→ Data extract

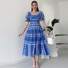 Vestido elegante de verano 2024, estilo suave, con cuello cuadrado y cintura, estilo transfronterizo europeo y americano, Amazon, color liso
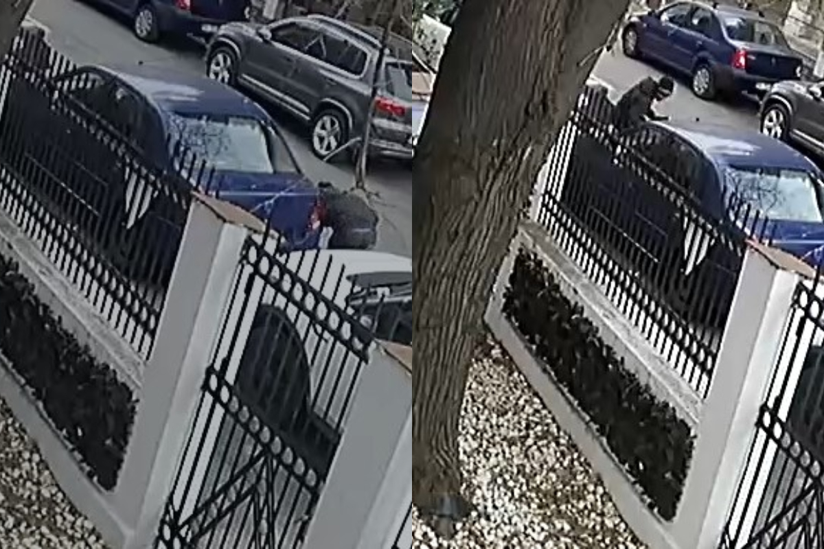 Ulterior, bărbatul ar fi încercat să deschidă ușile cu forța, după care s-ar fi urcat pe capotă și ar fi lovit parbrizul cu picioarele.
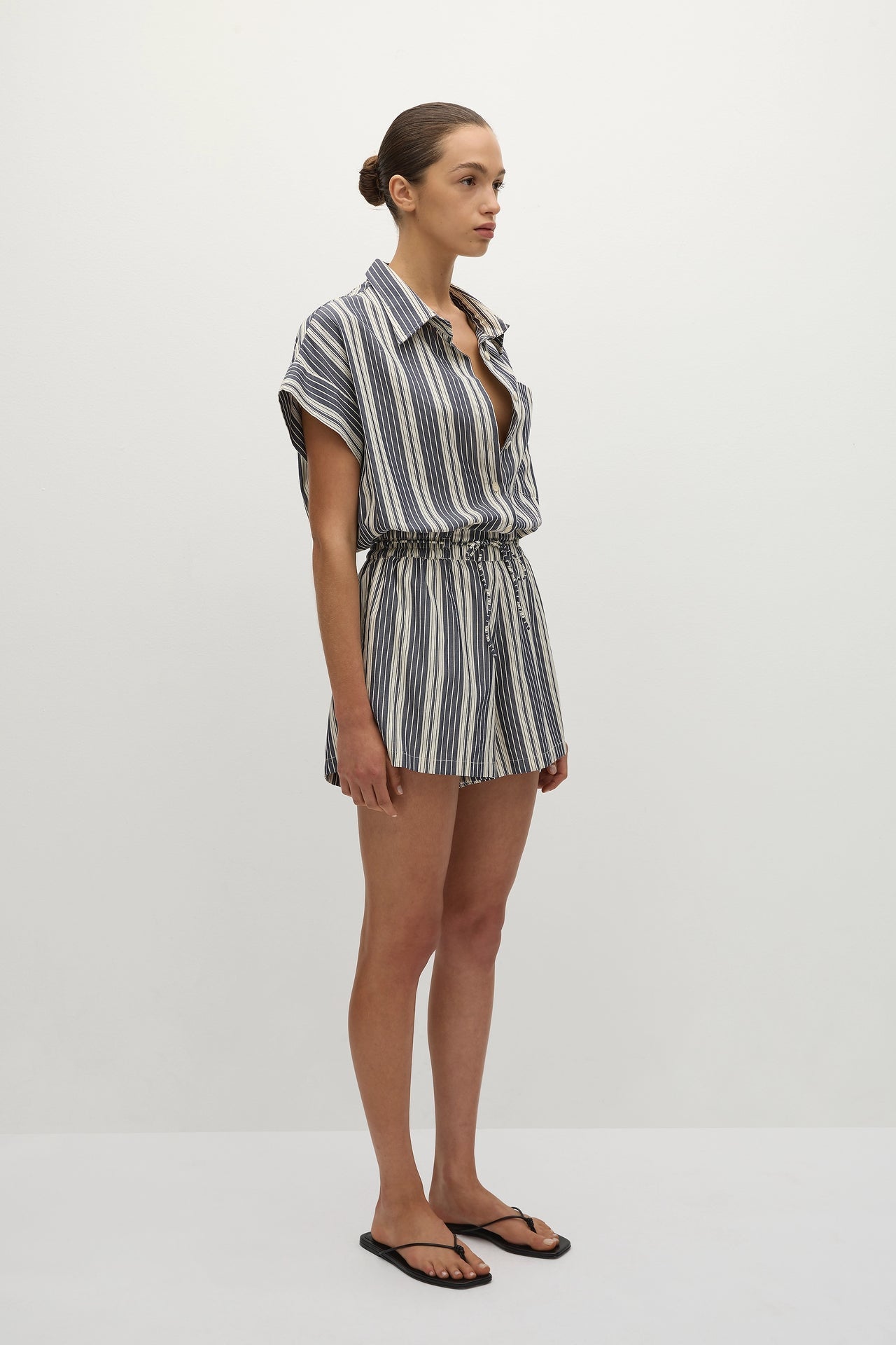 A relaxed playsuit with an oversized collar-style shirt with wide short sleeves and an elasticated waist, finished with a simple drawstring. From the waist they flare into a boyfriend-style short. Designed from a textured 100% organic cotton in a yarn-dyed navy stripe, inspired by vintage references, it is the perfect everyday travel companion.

...

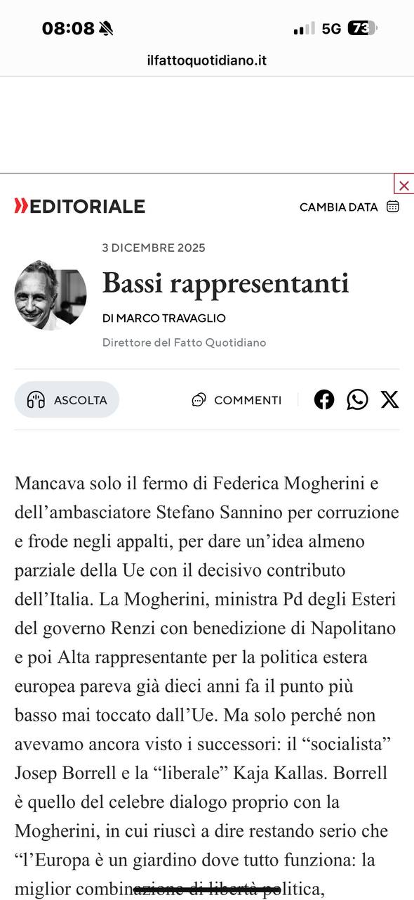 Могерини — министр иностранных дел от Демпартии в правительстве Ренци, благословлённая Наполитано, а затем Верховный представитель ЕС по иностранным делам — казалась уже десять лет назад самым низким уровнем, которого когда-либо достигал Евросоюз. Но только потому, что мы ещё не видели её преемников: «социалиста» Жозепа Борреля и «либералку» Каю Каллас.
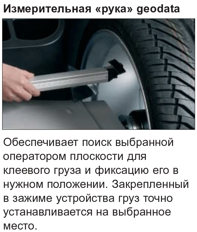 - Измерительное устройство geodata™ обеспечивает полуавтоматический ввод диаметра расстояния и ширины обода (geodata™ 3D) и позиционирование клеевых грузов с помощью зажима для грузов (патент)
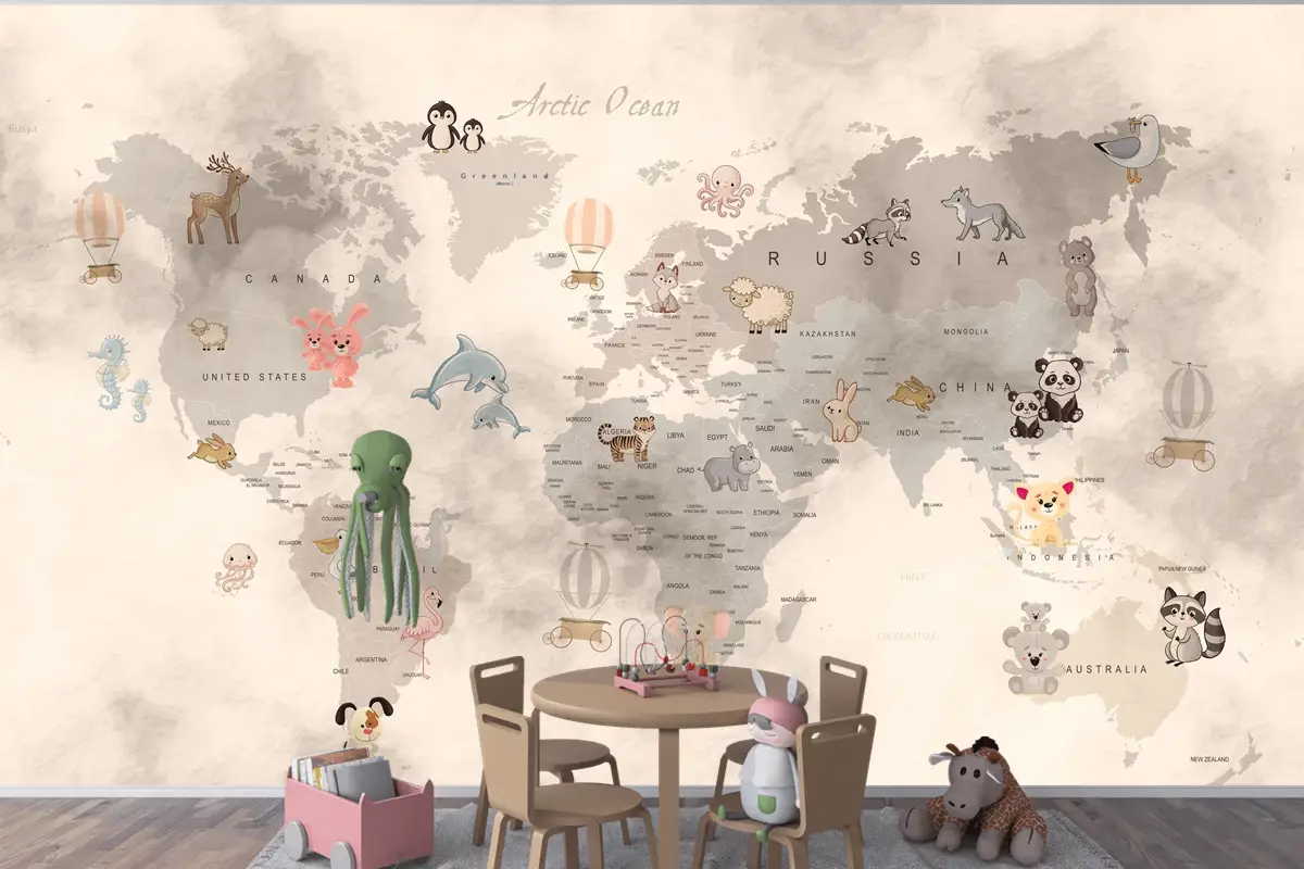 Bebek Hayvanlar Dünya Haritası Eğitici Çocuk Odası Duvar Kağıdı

→ Exercise
Your answer must be the lines above from the one holding "- Измерительное устройство" up to and including the one holding "Bebek Hayvanlar Dünya", exact and with no pictures.

→ Answer space
 - Измерительное устройство geodata™ обеспечивает полуавтоматический ввод диаметра расстояния и ширины обода (geodata™ 3D) и позиционирование клеевых грузов с помощью зажима для грузов (патент)
 Bebek Hayvanlar Dünya Haritası Eğitici Çocuk Odası Duvar Kağıdı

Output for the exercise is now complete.